“Harvard Unleashes Humongous AI Training Dataset, Where OpenAI and Microsoft Foot the Bill, At Zero Cost to You!”
“Harvard Is Releasing a Massive Free AI Training Dataset Funded by OpenAI and Microsoft”
“Microsoft and OpenAI created a large-scale dataset to teach AI systems language ‘understanding.’ To do that, they scraped information from much of the internet. But in doing so, they ingested substantial amounts of copyrighted information, including, it turns out, some 136,000 pieces of text from the Harvard Crimson.”
Ah! The delightful marriage of tech giants Microsoft and OpenAI! You know, the ones who cooked up a gigantic dataset in the name of teaching artificial intelligence to ‘comprehend’ human language. The method was fairly simple: just make a virtual run on most of the internet. Although, it does seem like they accidentally stomped over a sea of copyrighted content in the thrilling race to gather data. Among the collateral we find about 136,000 tidbits from Harvard Crimson. Oops!

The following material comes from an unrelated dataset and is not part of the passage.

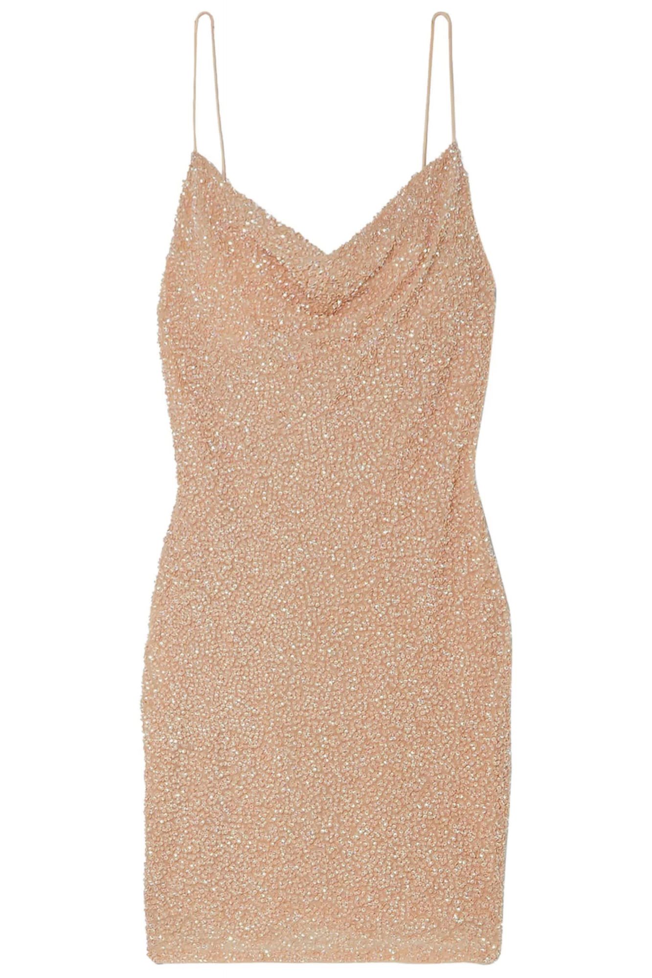 This Alice + Olivia Harmie sequined stretch-tulle mini dress ($171) is a really nice short party version, paired with nude patent heels like these Ravella Harbour ($89.95).

The publisher of Harvard Crimson, by the way, was pleasantly surprised to see their precious content comfortably residing in the dataset. Surprised in the “Hey, don’t I know you from somewhere?” manner! To quote them, “It’s as if they held a mirror up to the internet and our websites just happened to be reflected.” Quite poetic, eh?
Now, by the generous ethos of OpenAI, this dataset, adorably christened ‘GPT-3’, is publicly available. Not without certain restrictions, of course! So folks, do not rush for a joyous download spree imagining you would suddenly own the internet. Fair play, Microsoft and OpenAI. Keeping the commons to the commoners.

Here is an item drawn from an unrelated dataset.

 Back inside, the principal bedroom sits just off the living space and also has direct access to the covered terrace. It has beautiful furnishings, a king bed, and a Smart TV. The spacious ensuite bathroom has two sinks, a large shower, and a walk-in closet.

Here’s the cherry on top – the GPT-3, as it turns out, isn’t as impeccable as it touted to be. So brace yourself. To the delight of all the fans waving their ‘Tech Will Not Overcome Human Intelligence’ banners, GPT-3 has its limitations. It fails to discern facts from fiction, occasionally produces biased content and, heaven forbid, even promotes dangerous behaviour.

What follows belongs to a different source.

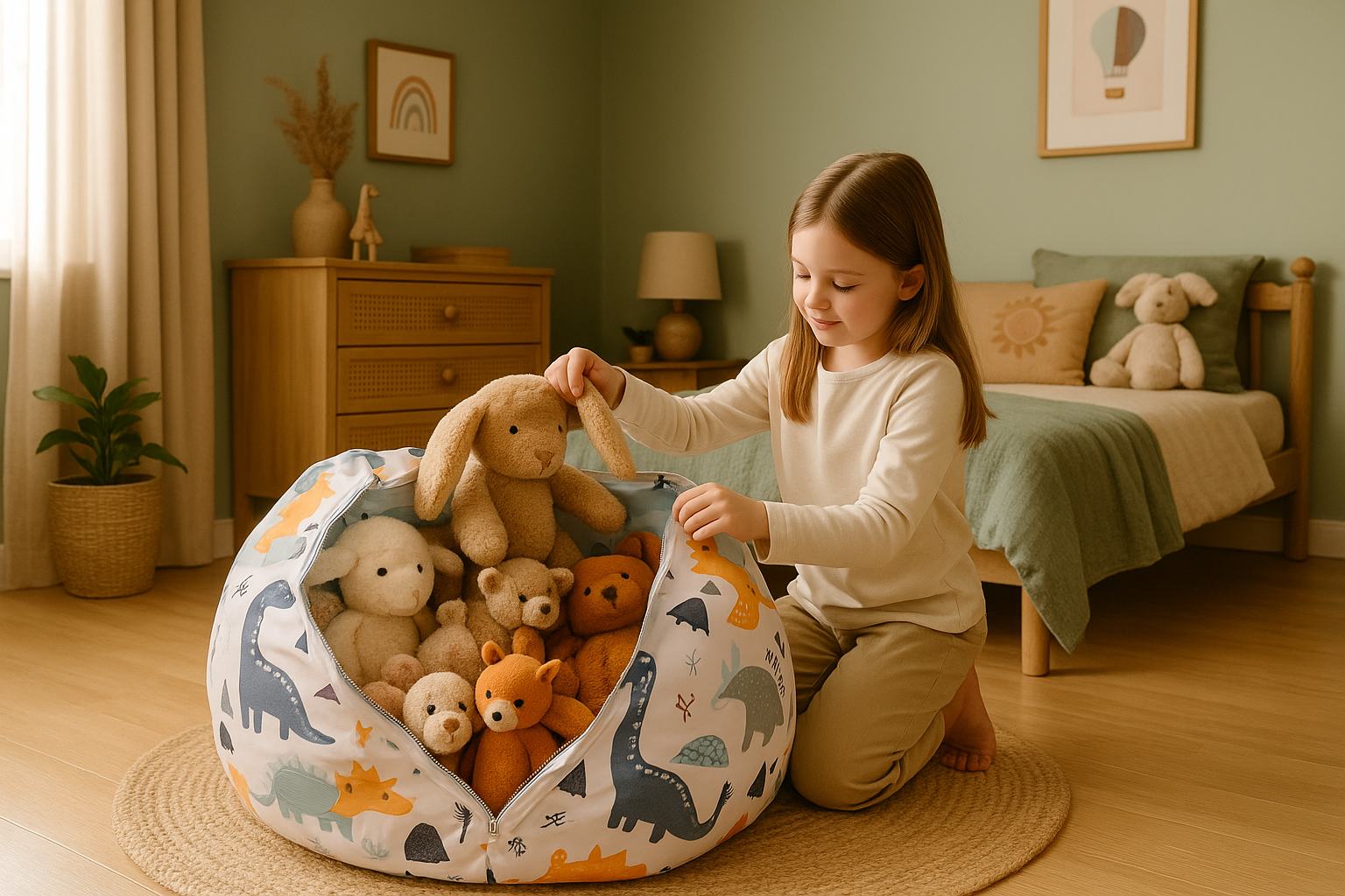 Les jouets et peluches sont rangés en quelques minutes, sans multiplier les coffres et bacs.

Tailor-made for this fast-paced digital era, isn’t it? Another manifestation of – if you’re going to err, do it at scale. Stellar work, OpenAI and Microsoft! The world thanks you for this enlightening revelation: with great data, comes great responsibility. And a higher probability of blunders, just to keep things amusing. Let’s not forget some outraged Harvard Crimson editors in the package. Well done, Artificial Intelligence. Well done, indeed.